Thanks for your review, we appreciate the feedback!
The motivation regarding causal attention seems questionable. Although LLM2Vec utilizes causal attention, it still performs exceptionally well in extracting text embeddings.
Good question. We want to clear up a possible misconception here: LLM2Vec does not utilize causal attention. LLM2Vec is based on Mistral, but modified to have bidirectional attention (see Figure 1 left in their paper [1]).
This is what makes echo embeddings exciting—the requirement to modify the architecture to be bidirectional, which is common among recent autoregressive large embedding models [1, 2], is unnecessary—echo embeddings can be effective even without changing their architecture
After fine-tuning the model, the performance gap between "echo embedding" and other models is minor. However, "echo embedding" requires the input sentence to be repeated twice, increasing computational costs.
We find that echo embeddings can outperform classical embeddings even in an entirely compute-matched setup. In particular, we can achieve a compute-matched setup by only encoding the first half of each input. The improvement of embedding quality is enough, with echo embeddings, that even when only encoding the first half of the input, performance is still improved over classical embeddings (Table 5, “compute matched” row). In addition, even during training, we can train for fewer steps to match the compute cost of classical embeddings. Even when combining both of these tricks so that the training- and inference-time compute are matched, echo embeddings still outperforms classical embeddings.

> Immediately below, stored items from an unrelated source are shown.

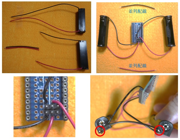 〇電池ボックスからの配線が断線した場合、片方の電池だけが消費されてしまうため電池ボックス同士も配線で接続することにしました。
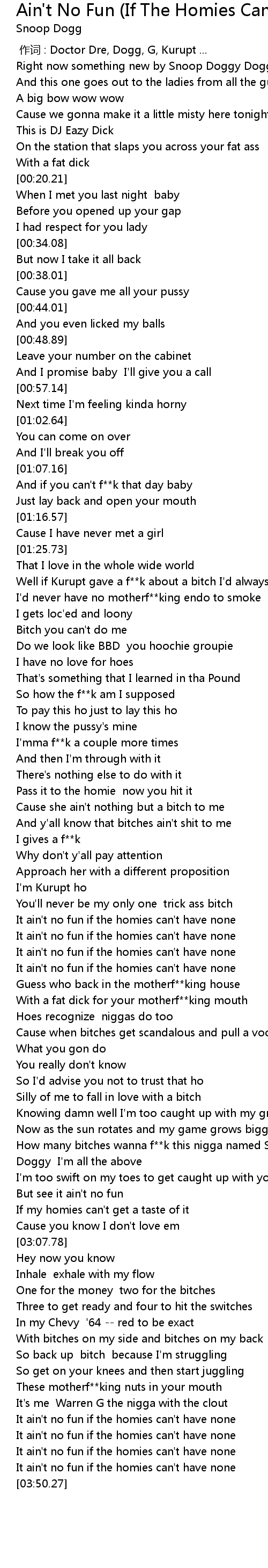 | [02:55.76] | How many bitches wanna f**k this nigga named Snoop |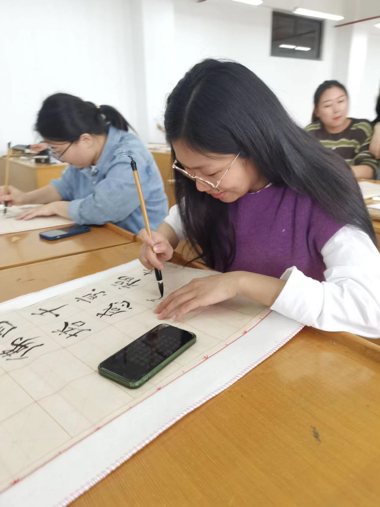 学员们一边认真观察,一边认真在纸上练习,从一笔一划、一撇一捺中感受到书法的博大精深。在金老师的指导下,大家正襟危坐,耐心书写,在缓缓流逝的时光中感受中华传统文化的独特魅力。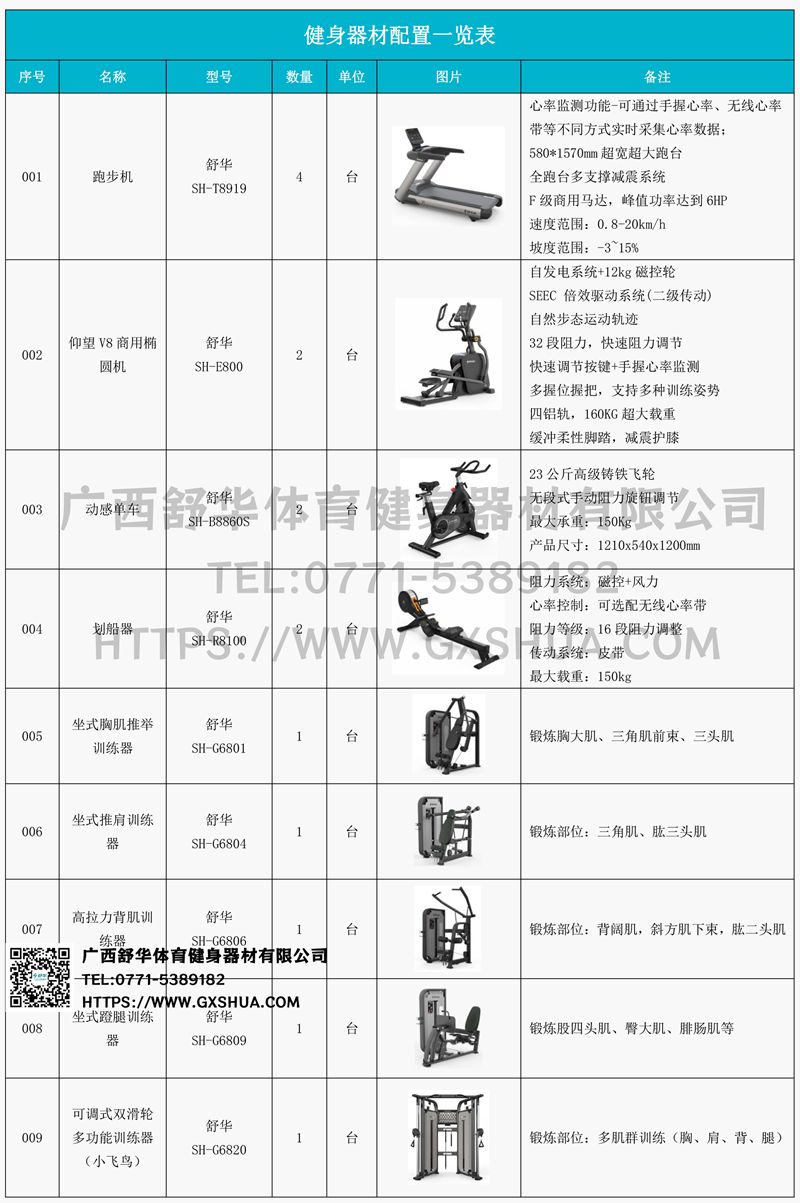 1.快盈VIIIV9跑步机SH-T8919*4台-580*1570mm超宽超大跑台,全跑台多支撑减震平台,保证跑台超强支撑力,达到180kg支撑,满足专业健身房需求。F级商用马达-超强马达,AC 3.0HP 交流,峰值功率达到6HP,F级商用品质。速度范围达到0.8-20km/h;V9跑步机可实现跑台扬升功能,坡度范围-3~15%,满足客户不同的锻炼需求。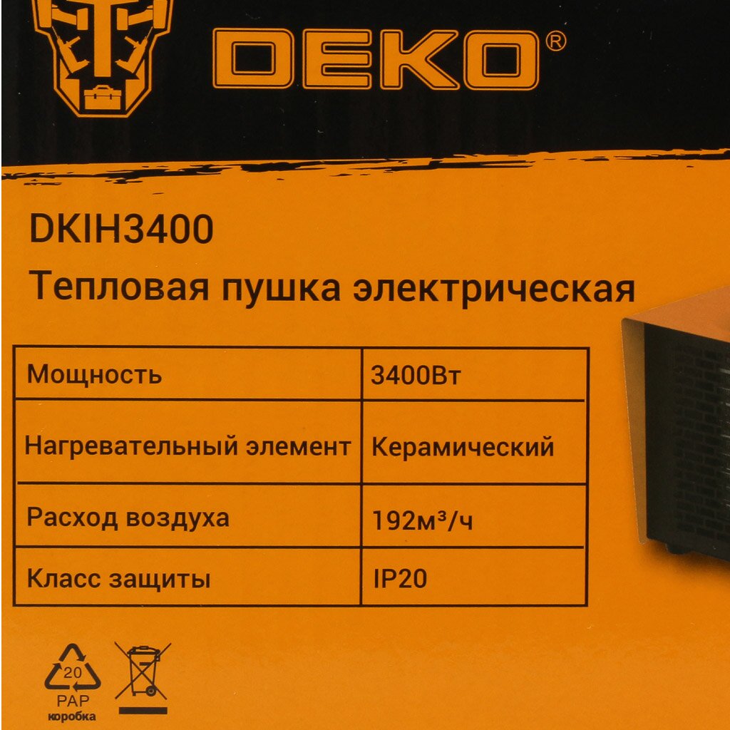 Вы можете приобрести «Пушка тепловая электрическая, Deko, DKIH3400, 3.4 кВт, 192 м³/ч, керамический элемент, квадратная, 080-1013» и другие товары в нашем интернет-магазине в Россоши по низким ценам и с бесплатным самовывозом.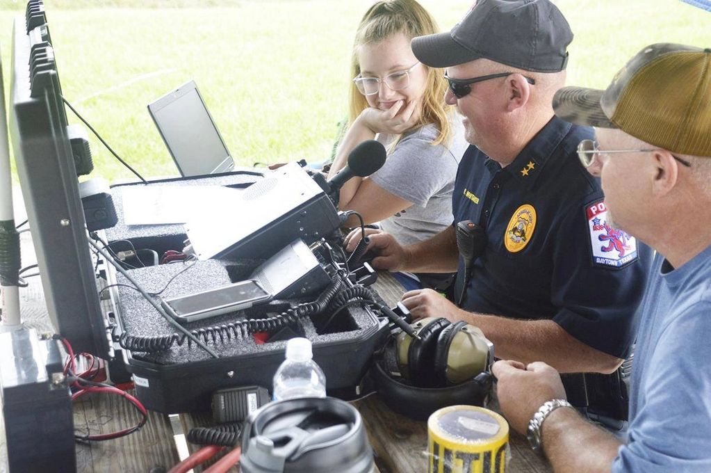 Tiffany KI5IFJ, Baytown Assistant Chief of Police Richard Whitaker, and Lamar taking part in Field Day 2020.

I am curious about the influence of number of repetition times
Great question (also asked by Reviewer gzEy)! We ran this experiment, and found no improvement past the first repetition; results are below. Note: For this rebuttal, to save on compute, we evaluate on a 37-dataset subset of MTEB (typically 56 datasets). For this reason, the numbers themselves are not comparable to any other numbers in the paper.
| # of repetitions | Average (37 datasets) |
|---|---|
| Classical (0x) | 46.04 |
| Echo (1x) | 53.06 |
| Echo+ (2x) | 52.97 |
| Echo++ (3x) | 52.43 |
| Echo+++ (4x) | 51.75 |
At least one illustrative example should be included in the main article, rather than relegating all examples to the appendix. Typo: line 122, "encode can" -> "can encode" line 283: "embedding 4" -> "embedding in Table 4"
Thanks for pointing these out, we will make these changes.
[1] BehnamGhader, Parishad, et al. "Llm2vec: Large language models are secretly powerful text encoders." arXiv preprint arXiv:2404.05961 (2024).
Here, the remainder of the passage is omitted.